Милиционеры оставались в нерешительности. Я видел это по их лицам.
Когда остальные погранцы, кроме Алима с Мартыновым, стянулись ко мне, Уткин тотчас же спросил:
— Ну что? Что делать будем?
Со всех сторон в меня уставились вопросительные взгляды погранцов.
— Идем к складу, — сказал я тоном командира, — далее — разведываем обстановку и на месте решаем, как действовать дальше. Ясно?
Уткин решительно кивнул.
Нарыв вздохнул. Но даже он, понимая, что мы зашли слишком далеко, не принялся ныть, как раньше. Старший сержант просто принял обстоятельства и кивнул.
Флегматичный Сагдиев, казалось, принял обстоятельства еще раньше. Теперь он просто сказал:
— Ну что ж. Тогда пошли, товарищи блюстители общественного порядка… Блин.
Я обернулся, чтобы посмотреть, как обстоят дела у склада. В его узеньком окошке все так же горел тусклый свет. Пусть раньше мы и услышали шум двигателя автомашины, скрывавшейся где-то в недрах здания, больше он не повторялся.
— Мужики, вы как, с нами? — спросил вдруг Уткин у милиционеров за моей спиной.
Я обернулся.
Вася смотрел на Гречкина и его парней решительно. А вот сам сержант колебался. Я видел это по взгляду Артема, который милиционер так тщательно от всех прятал.
— Выступаем, — сказал я тогда, — а они, если решат — присоединятся.
С этими словами я подлез ближе к краю секции, сел рядом с ней. Глянул на Мартынова и Алима, скрывавшихся в темноте. А потом дал им сигнал выдвигаться.
— Сука! Валить надо! Валить, я вам говорю! — раздался изнутри склада моложавый, но грубоватый голос. — Нас сейчас весь поселок шукать будет! Надо рвать когти!
Я глянул на Мартынова, припавшего к блочной стене склада.
Старший сержант снял фуражку, вытер поблескивавший в отсвете тусклого света лоб.
Подобраться к складу было легко. Никто из этих дундуков даже не думал поставить одного «на шухер». И не мудрено, судя по возбужденным разговорам, что мы слышали сквозь полуостекленное окошко, под которым притаились, у «дембелей» были серьезные разногласия.
— Ташкент! Давай дождемся его! Ну куда нам когти рвать⁈ Куда⁈ — услышал я знакомый скулеж.
Голос несомненно принадлежал тому самому Крысе. Но только звучал он теперь не нахально, как тогда, у ДК, а совершенно иначе — испуганно, с какой-то мольбой.

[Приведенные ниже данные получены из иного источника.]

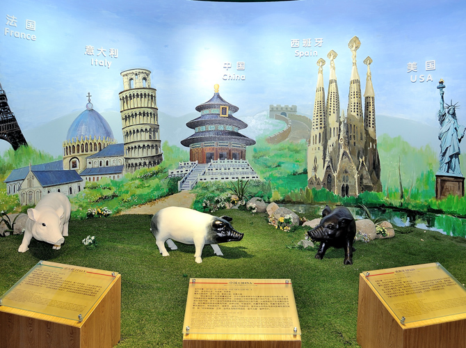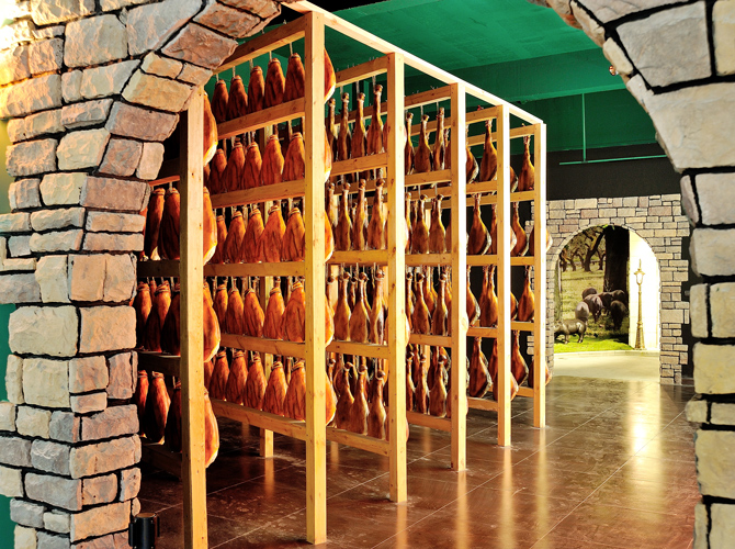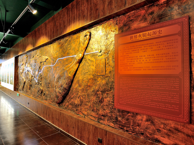 世界火腿博覽館是一個以世界火腿為主題的博覽館,用歷史-地域-工藝-文化為線索,通過展板、照片、聲光和布景等手法,翔實(shí)介紹了中國金華火腿、西班牙伊比利亞火腿、意大利帕爾瑪火腿、法國科西嘉火腿和巴黎火腿、美國的鄉(xiāng)村火腿等世界知名火腿的歷史人文,消費(fèi)習(xí)俗、制作工藝、火腿美食等。
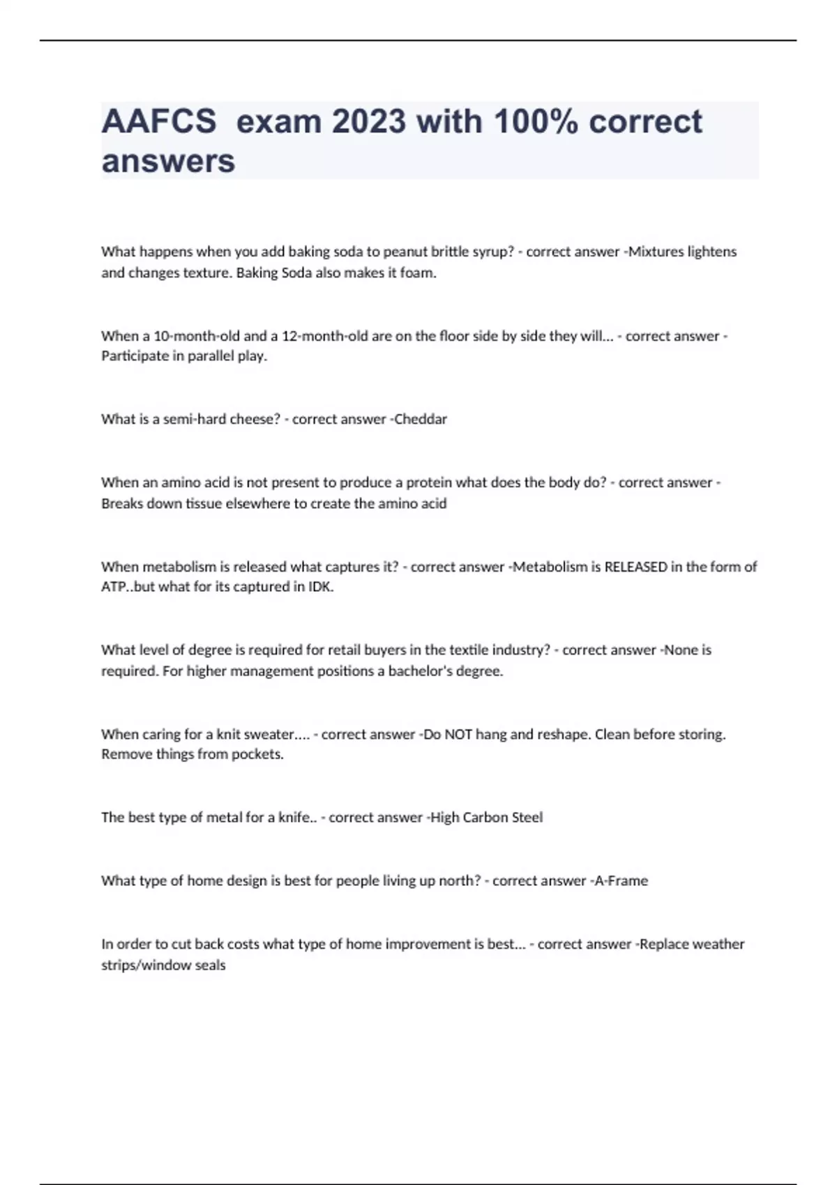 AAFCS Pre-Test exam 2023 with 100% correct answers

— Оглянуться не успеешь, как сюда менты нагрянут! Возьмут нас тепленькими! — отвечал Ташкент. — А все из-за тебя, баран!
— Дак… — замычал третий, и я тут же узнал Дылду, — дак я-то что, Ташкент? Я думал, ты мне сказал его того… кончать…
— Думал он… Думал! — пуще прежнего взорвался Ташкент. — Правильное тебе, Витя, погоняло дали. Сразу видать — колода колодой…
Витя, которого назвали «Колодой», только замычал:
— Ну я ж думал…
— А идти нам некуда, братцы, — зазвучал четвертый голос.
Этот был настолько тихим, что чтобы расслышать слова, нужно было особенно сильно напрягать слух.
— Мы все поставили на это дело. Нету у нас обратного пути.
— Давай только ты, Тенёк, не мороси! — крикнул на вновь заговорившего Ташкент.
Теньком, видимо, был тот самый молчун, который постоянно прятался от нас в темноте.
— Я сразу говорил — мутное это дело, а ты, Чифир, всё о своем!
— Дело — надежное! На той стороне нас встретят как надо, братцы! — крикнул Крыса, которого Ташкент назвал Чифиром. — Я ж говорю! Старшего надо дождаться! Старший разрулит, как нам поступить!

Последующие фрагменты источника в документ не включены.